Does it make sense to prove $0.999\ldots=1$?

Can one give any "meaning" of the symbol $0.999\ldots$ other that defining it to be 1?

Regarding the first question: I'll understand it in the way "Why are we interested in this?"

Mathematicians are often interested if something is unique in this case the decimal representation. $0.999\ldots=1$ proves by example that the decimal representation is not unique.

Now let's consider the second question. Yes we could give it another meaning, bacause we can define anything we want. But if we define it in another way without changing other definitions we obtain a contradiction.

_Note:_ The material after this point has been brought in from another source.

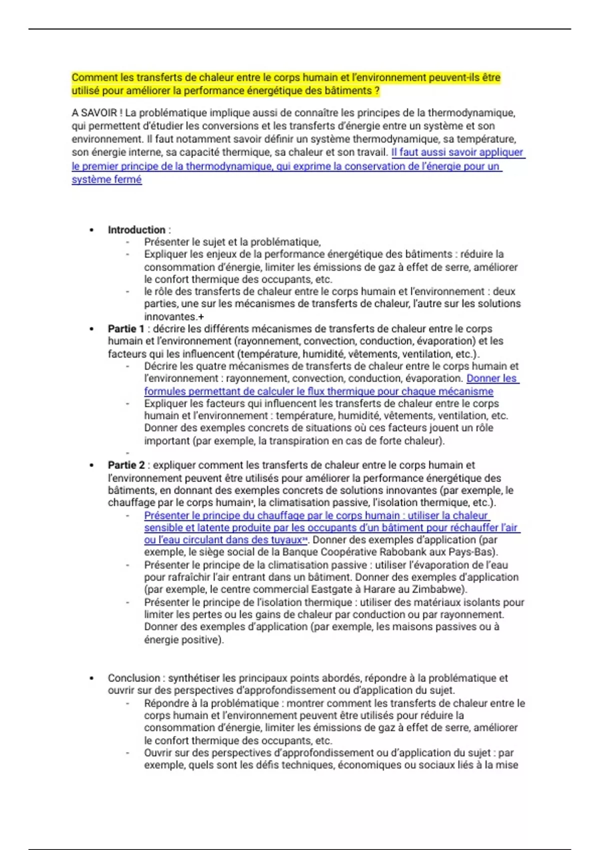 - Répondre à la problématique : montrer comment les transferts de chaleur entre le

Could we change the definitions in a way that $0.999\ldots \neq 1$ and they still are reasonable in a way? I would say probably yes but I'm no expert in this matter. The Wikipedia article about $0.999\ldots$ states following:

The equality of 0.999… and 1 is closely related to the absence of nonzero infinitesimals in the real number system, the most commonly used system in mathematical analysis. Some alternative number systems, such as the hyperreals, do contain nonzero infinitesimals. In most such number systems, the standard interpretation of the expression 0.999… makes it equal to 1, but in some of these number systems, the symbol "0.999…" admits other interpretations that contain infinitely many 9s while falling infinitesimally short of 1.

You might want to read the wikipedia article in more detail.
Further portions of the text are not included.